L'Inspection générale des affaires sociales (IGAS) a évalué douze services de santé au travail interentreprises (SSTI) implantés dans quatre régions afin de déterminer les forces et faiblesses du secteur. La mission s'est appuyée également sur un questionnaire adressé aux entreprises adhérentes de ces douze services et aux représentants du personnel.
Dans leur rapport, les inspecteurs dressent une série de constats critiques, en commençant par la « rareté » de la ressource médicale dans un contexte où la loi a favorisé la mutualisation de services médicaux entre entreprises. La quasi-totalité des SSTI visités ont perdu, entre 2015 et 2018, 20 % de leurs médecins (en ETP) et 17 % en effectifs en moyenne.
Pour combattre ce déclin démographique, les SSTI accueillent des internes en stage et des collaborateurs médecins, encouragent le cumul emploi retraite ou encore font appel à des médecins à diplôme étranger. Malgré ces viviers de recrutement, l’effectif moyen de salariés suivis par médecin en ETP a augmenté de 13 %, passant de 3 800 début 2017 à 4 300 début 2019.
Médecin manager, pas si simple
La pluridisciplinarité des équipes de santé au travail, introduite par des réformes de 2011 puis de 2016, a certes permis de recentrer le médecin sur un rôle d'animation, de coordination des équipes et de suivi des salariés les plus complexes et en déléguant par exemple la visite d'information et de prévention aux infirmiers en santé au travail (IDEST). Problème, ce rôle de manager est souvent « difficile à exercer » pour des praticiens qui n'ont pas de formation initiale au management et dont le cursus les prépare avant tout à un rôle d'expertise.
Du coup, la délégation de tâches se révèle « très variable » d'un service à l'autre, et même « entre médecins d'un même service », pointe l'IGAS qui relève des blocages. Les missions des SSTI ne sont pas accomplies « de manière homogène ». Les actions en milieu de travail ou de maintien dans l'emploi sont marquées par de très fortes disparités entre services.

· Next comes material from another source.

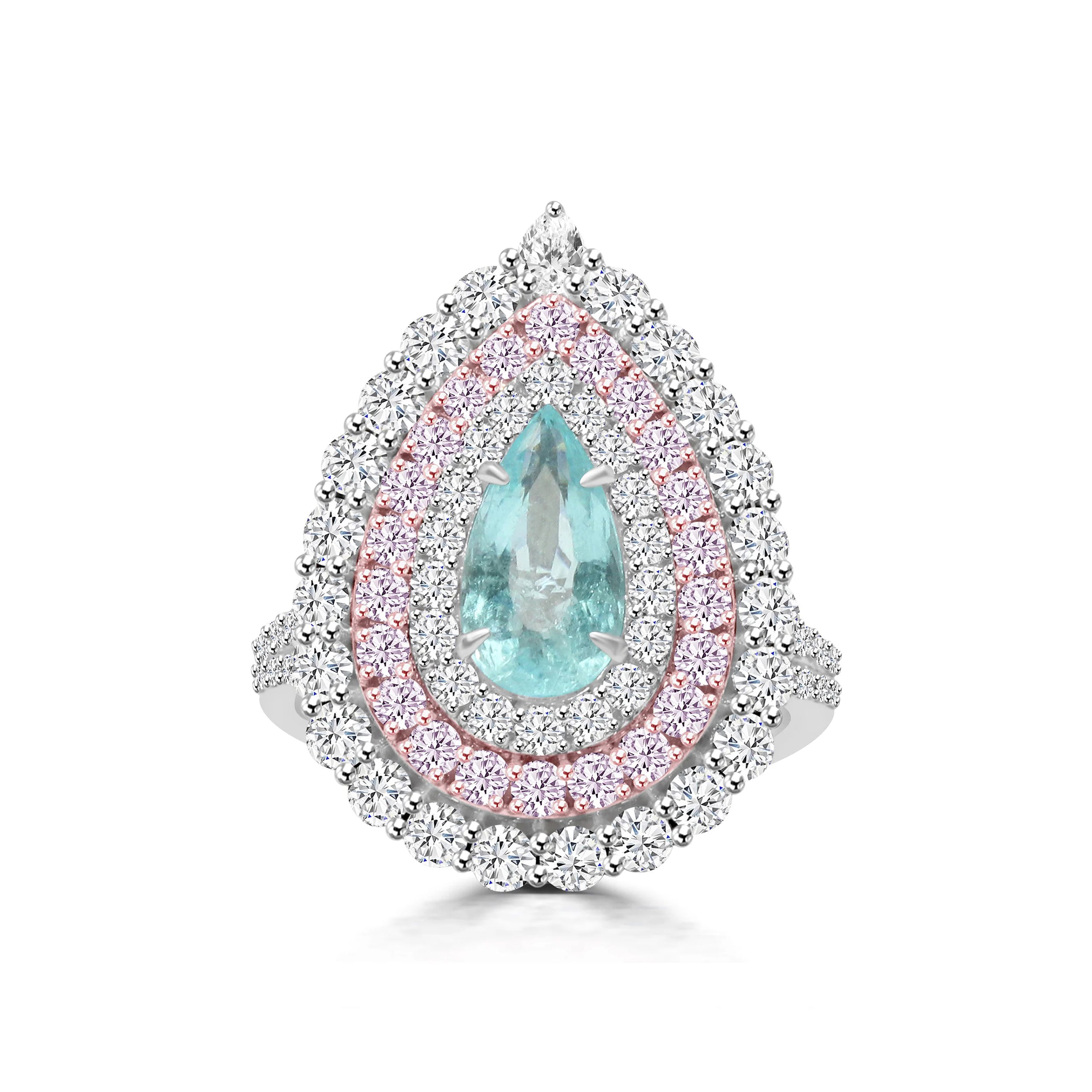 A Symphony of Color and Light, The SAVARA - Paraiba Tourmaline Ring is a breathtaking expression of refined luxury, centered around an exquisite pear-shaped Paraiba tourmaline. This rare gemstone radiates with its signature vibrant blue-green hue, captivating the eye with its luminous intensity. Encircling the Paraiba are a delicate array of natural pink and brilliant diamonds, each carefully selected to enhance the ring’s brilliance and create a striking contrast of color and light. A true masterpiece of design and craftsmanship, the SAVARA ring is a timeless symbol of elegance and sophistication, perfect for those who appreciate the rare and extraordinary.

La prévention primaire reste « peu développée ». De surcroît, la réalisation des visites et examens obligatoires n'est pas toujours assurée dans les délais, en dépit de la délégation significative aux infirmiers.
À ces performances disparates, s'ajoutent les critiques des employeurs et des salariés « sur le service rendu et le montant des cotisations » des SSTI, souligne l'IGAS. Le modèle économique souffre d'un manque de contrôle interne et externe, d'autant que les cotisations sont variables (entre 57 et 162 euros annuels par salarié) et leur rapport coût-efficacité difficile à évaluer.
Un autre écueil majeur est lié au manque de pilotage des services de santé au travail, sans « tête de réseau » pour les représenter. Il manque également une base de données commune (tant sur le plan épidémiologique que sur celui de l'activité), ce qui conduit à « une perte de potentiels signaux sanitaires de proximité ».
Davantage de télémédecine
Face à ces carences, les inspecteurs font une série recommandations à mettre en œuvre sur trois ans. Plusieurs visent à accroître la qualité globale et individuelle du service rendu. En contrepartie des cotisations employeurs, l'IGAS propose de redéfinir un socle de « prestations de base », à compléter par des actions complémentaires sur demande des entreprises (payables au forfait). Tous les SSTI doivent mettre en place une cellule de prévention de la désinsertion professionnelle et de maintien en emploi.
Un « référentiel de certification » des SSTI est également souhaitable pour vérifier l'amélioration des pratiques d'ici à 2021, ainsi que des « indicateurs de satisfaction » pour mesurer la perception de la qualité du service rendu.
Concernant les médecins du travail, l'IGAS appelle à renforcer leur démographie par des mesures d'attractivité mais aussi en réduisant la durée de formation des collaborateurs médecins de 4 à 3 ans ou en homogénéisant la répartition des praticiens au sein de chaque territoire, avec des « seuils minimum ».
Il conviendrait aussi de promouvoir la télémédecine (en précisant sa doctrine d'utilisation en santé au travail) et d'élargir le périmètre d’intervention des infirmiers du travail à certaines visites de suivi individuel dévolues aux médecins. Pour l'IGAS enfin, les médecins du travail doivent pouvoir consulter le dossier médical partagé (DMP) avec l'accord du salarié.